In this exercise, you should calculate the p-value manually!  This means calculating the t-statistic, then using the cdf of the t distribution to get the probability assigned to the p-value.  The t-distribution can be calculated from `scipy.stats` as follows

```python
tdist = stats.t(n1 + n2 - 2)
# the cdf is now tdist.cdf(x)
```

In [3]:
# make sure you use this data
control = np.array([166, 165, 120,  94, 104, 166,  98,  85,  97,  87, 114, 100, 152,
                    87, 152, 102,  82,  80,  84, 109,  98, 154, 135, 164, 137, 128,
                    122, 146,  86, 146,  85, 101, 109, 105, 163, 136, 142, 144, 140,
                    128, 126, 119, 121, 126, 169,  87,  97, 167,  89, 155])

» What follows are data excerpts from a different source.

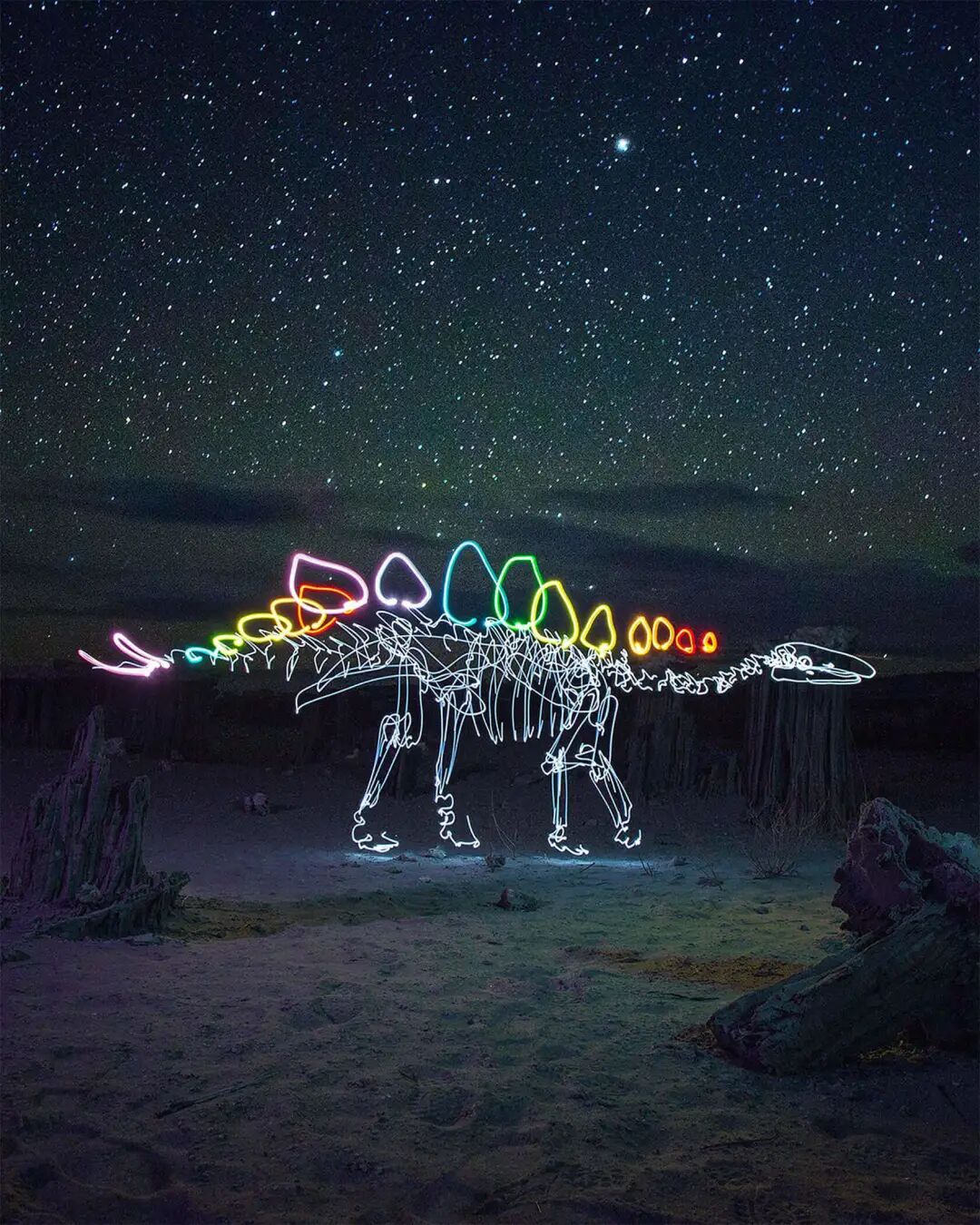 独特的光绘摄影,受到很多人的欢迎,今天,就让我们一起再来认识一位光绘摄影师,他的名字叫达伦·皮尔逊,擅长长曝光摄影和插画绘制,绘制的内容也十分丰富,例如:恐龙、狐狸、蝴蝶和汽车等等形象,当速写线条变成一道光线,在空中勾勒出一幅幅画作,无论何种内容都给人一种唯美浪漫的感觉。
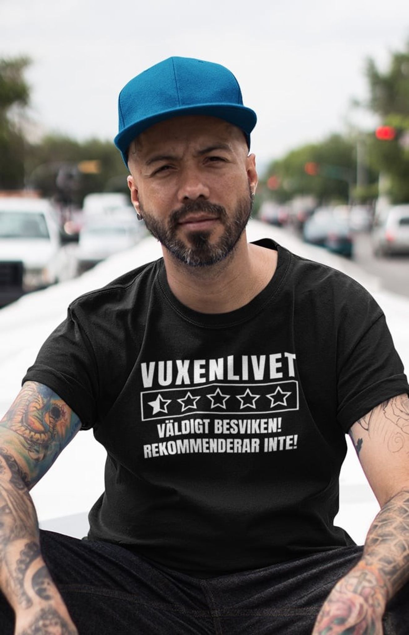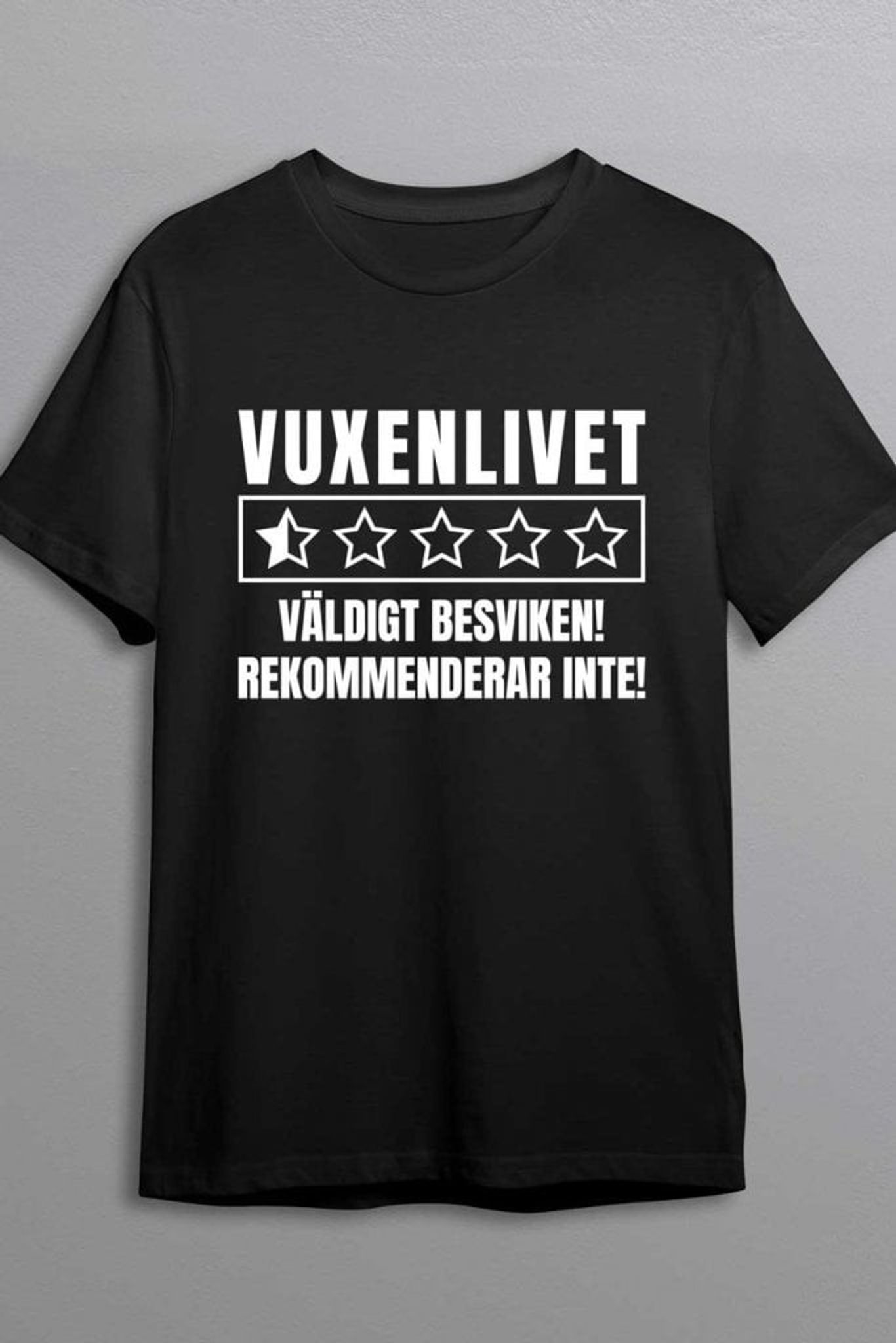 Är du besviken på vuxenlivets brist på raster och godkända ursäkter för för att strunta i alla måsten? Längtar du tillbaka till dagarna då det största beslutet du behövde fatta var vilken glass som skulle bli dagens andra efterrätt? Då har vi precis rätt Tisha för dig! Vår "Vuxenlivet - Väldigt Besviken, Rekommenderar Inte" tee är ett ironiskt statement till alla som kände sig lurade av de blanka löftena från "när du blir stor".
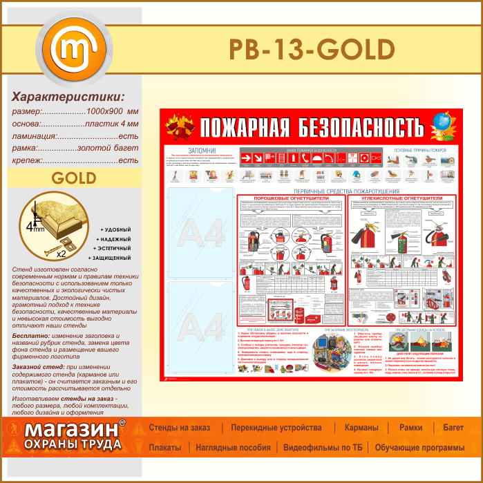 Стенд «Пожарная безопасность» с 2 карманами (PB-13-GOLD)
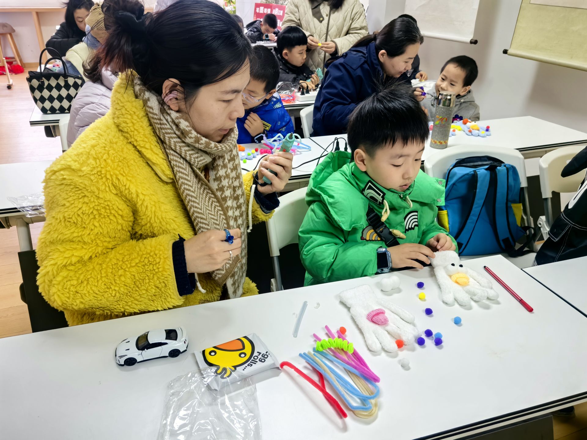 活動(dòng)圍繞傳統(tǒng)布藝展開,既保留了手工的韻味,又增添了童趣與實(shí)用性。書房為每個(gè)家庭準(zhǔn)備了精心搭配的材料包,柔軟的毛絨面料、五彩斑斕的小毛球、可隨意造型的彩色扭扭棒,還有一雙雙靈動(dòng)可愛的“小眼睛”貼片,讓零基礎(chǔ)的家庭也能輕松上手。

experimental = np.array([ 83, 100, 123,  75, 130,  77,  78,  87, 116, 116, 141,  93, 107,
                         101, 142, 152, 130, 123, 122, 154, 119, 149, 106, 107, 108, 151,
                         97,  95, 104, 141,  80, 110, 136, 134, 142, 135, 111,  83,  86,
                         116,  86, 117,  87, 143, 104, 107,  86,  88, 124,  76])

In [98]:
# Write your class here
class TwoSampleTTest(object):
    
    def __init__(self, samp1, samp2):
        
        self.samp1 = samp1
        self.samp2 = samp2
        self.t = None
        self.p = None
        
    def calc_tstat(self):
        mean1 = np.mean(self.samp1)
        mean2 = np.mean(self.samp2)
        pooled_var = np.sum(((self.samp1 - mean1)**2) + ((self.samp2 - mean2)**2))/(len(self.samp1) + len(self.samp2) - 2)
        divisor = np.sqrt(pooled_var * (1/len(self.samp1) + 1/len(self.samp2)))
        return (mean1 - mean2) / divisor
    
    def calc_pstat(self):
        tdist = stats.t(len(self.samp1) + len(self.samp2) - 2)
        #upper = 1 - tdist.cdf(self.calc_tstat())
        #lower = tdist.cdf(self.calc_tstat)
        return (1 - tdist.cdf(self.calc_tstat())) * 2
    
    def results(self, alpha):
        if alpha > 1:
            print('Enter desired interval between 0 and 1')
        elif self.calc_pstat() > alpha:
            print('The null hypothesis can\'t be rejected at the {} confidence level'.format(alpha))
        else:
            print('The null hypothesis can be rejected at the {}% confidence level because of a p_value of {}'.format(alpha, self.calc_pstat()))

In [None]:
#else:
            #print('The null hypothesis can be rejected at the {}% confidence level because of a p_value of {}'.format(alpha, self.calc_pstat()))
            

In [72]:
press = TwoSampleTTest(control, experimental)
# print((1 - press.calc_pstat()) * 2)
press.calc_pstat()

0.061504240672530575

You can use the following cells to test your class:

In [100]:
# Instantiate an object
ttest = TwoSampleTTest(control, experimental)

In [74]:
# Calculate the t-stat (should be +/- 1.89)
ttest.calc_tstat()

1.8915462966190268

In [83]:
# Calculate the two-tailed p-value (should be 0.0615)
ttest.calc_pstat()

0.061504240672530575

In [101]:
# Show the results
ttest.results(0.05)

The null hypothesis can't be rejected at the 0.05 confidence level


### Bonus

---

If you are looking for some extra practice, try implementing the one-tailed p-value in addition to the two-tailed p-value that you implemented above!